To do iteration in many text-handling contexts, you need to know the beginning and the end of the range you are iterating over, just to be able to do iteration correctly. Note that this is not a safety issue, but a correctness one.

For example, say we have a string s of UTF-8 code units that we would like to iterate over to produce UTF-32 code points. If the last code unit in s is 0xe0, we should expect two more code units to follow. They are not present, though, becuase 0xe0 is the last code unit. Now consider how you would implement operator++() for an iterator it that transcodes from UTF-8 to UTF-32. If you advance far enough to get the next UTF-32 code point in each call to operator++(), you may run off the end of s when you find 0xe0 and try to read two more code units. Note that it does not matter that it probably comes from a range with an end-iterator or sentinel as its mate; inside it's operator++() this is no help. it must therefore have the end-iterator or sentinel as a data member. The same logic applies to the other end of the range if it is bidirectional — it must also have the iterator to the start of the underlying range as a data member.

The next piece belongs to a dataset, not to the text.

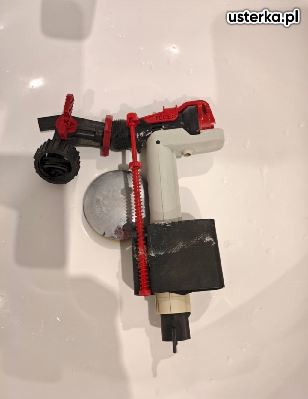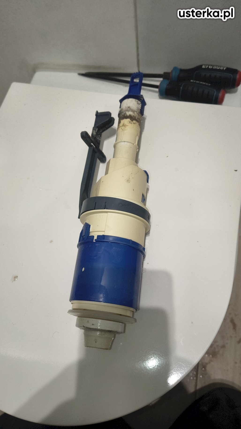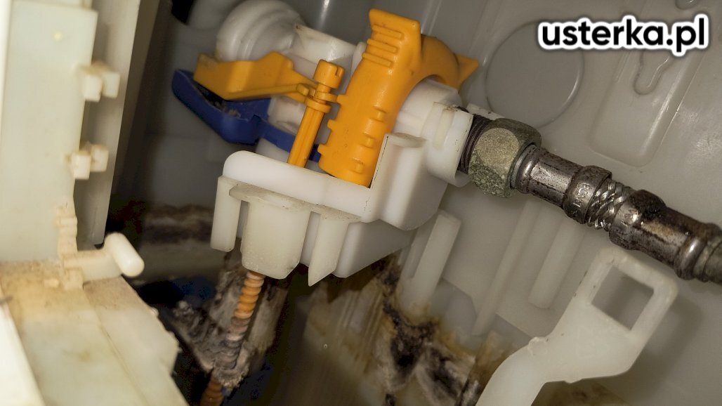 Zdemontowałem spłuczkę WC i prawidłowo zamontowałem nowy zawór napełniający oraz kolanko, mimo ograniczonej przestrzeni między ceramiką a ścianą.

This unfortunate reality comes up over and over in the Boost.Text iterators, not just the ones that are UTF transcoding iterators. This is why iterators in Boost.Text usually consist of three underlying iterators.

Often, Iterators from Subranges Can Only be Compared to Each Other

This follows directly from the effect described above. Say you get a subrange from one iteration of a text segmentation algorithm:

char const * c_str = /* ... */;
auto const lines =
    c_str | boost::text::as_graphemes |
    boost::text::lines(boost::text::allowed_breaks);

int line_index = 0;
for (auto line : lines) {
    auto first = lines.begin()->begin();
    std::cout << "line " << line_index++ << " offsets: "
              << std::ranges::distance(first, line.begin())
              << " - "
              << std::ranges::distance(first, line.end()) // Oops.
              << "\n";
}

This code does not halt. The line marked with "Oops." will continue to count forever when it is executed in the second loop iteration. This happens because first is constructed from the iterators delimiting the first line, *lines.begin() (let's call that line l for brevity). first's underlying iterators are: l.begin().base(), first's lower bound, which points to the first code point in l; l.begin().base(), which is the current position of first within l; and l.end().base(), first's upper bound, for one past the last code point in l.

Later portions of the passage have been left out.